Exact reproduction of the data is required, with images excluded.

■ **Exercise data**:
-------

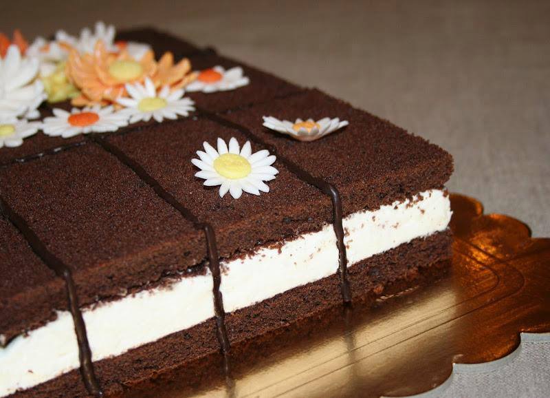 Dividere a metà la torta al cacao e farcirla con la crema bianca.
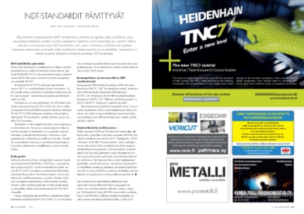 Rikkomattoman aineenkoetuksen ( NDT ) menetelmissä ja laitteistoissa tapahtuu jatkuvaa kehitystä , jonka seurauksena tarkastuksia voidaan suorittaa nopeammin , tarkemmin ja / tai halvemmalla kuin aiemmin . Kehitys aiheuttaa muutostarpeita myös NDT-standardeihin , jotta uusien menetelmien mahdollisuudet saadaan laajempaan tietoisuuteen ja toisaalta niiden soveltaminen tarkastustoiminnassa on mahdollista . Seuraavassa on esitelty muutamia lähiaikoina julkaistuja päivitettyjä NDT-standardeja .
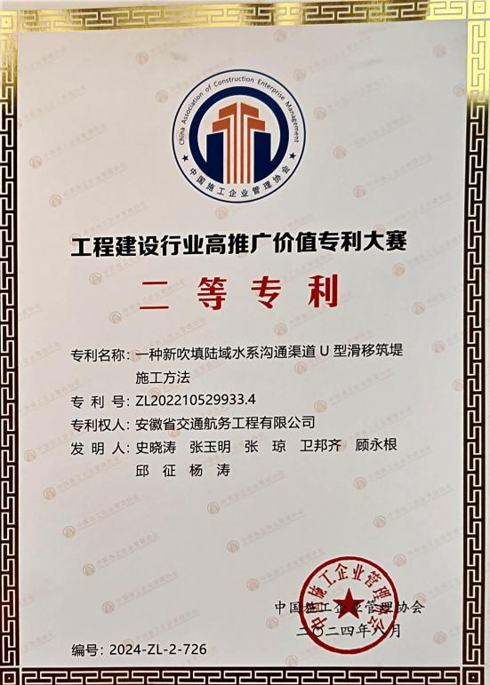 在工程建設行業(yè)高推廣價值專利大賽中,公司申報的“一種新吹填陸域水系溝通渠道U型滑移筑堤施工方法”發(fā)明專利榮獲二等獎。
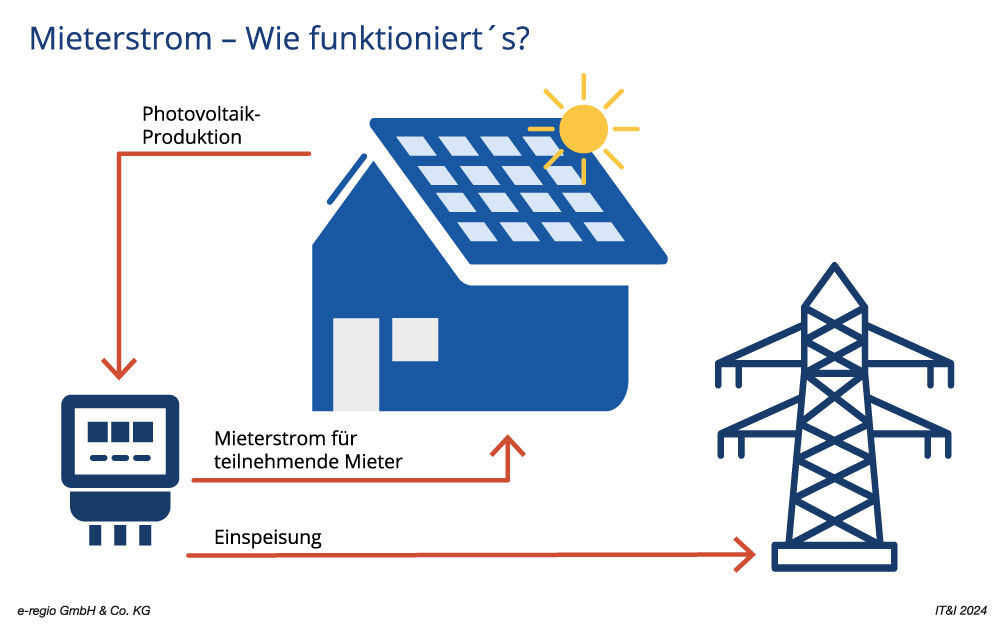 Abbildung 1: Nicht verbrauchter, überschüssiger Strom aus der Mieterstrom-Produktion wird in das öffentliche Stromnetz eingespeist.

-------

■ **Answer for this exercise**:
 Dividere a metà la torta al cacao e farcirla con la crema bianca.
 Rikkomattoman aineenkoetuksen ( NDT ) menetelmissä ja laitteistoissa tapahtuu jatkuvaa kehitystä , jonka seurauksena tarkastuksia voidaan suorittaa nopeammin , tarkemmin ja / tai halvemmalla kuin aiemmin . Kehitys aiheuttaa muutostarpeita myös NDT-standardeihin , jotta uusien menetelmien mahdollisuudet saadaan laajempaan tietoisuuteen ja toisaalta niiden soveltaminen tarkastustoiminnassa on mahdollista . Seuraavassa on esitelty muutamia lähiaikoina julkaistuja päivitettyjä NDT-standardeja .
 在工程建設行業(yè)高推廣價值專利大賽中,公司申報的“一種新吹填陸域水系溝通渠道U型滑移筑堤施工方法”發(fā)明專利榮獲二等獎。
 Abbildung 1: Nicht verbrauchter, überschüssiger Strom aus der Mieterstrom-Produktion wird in das öffentliche Stromnetz eingespeist.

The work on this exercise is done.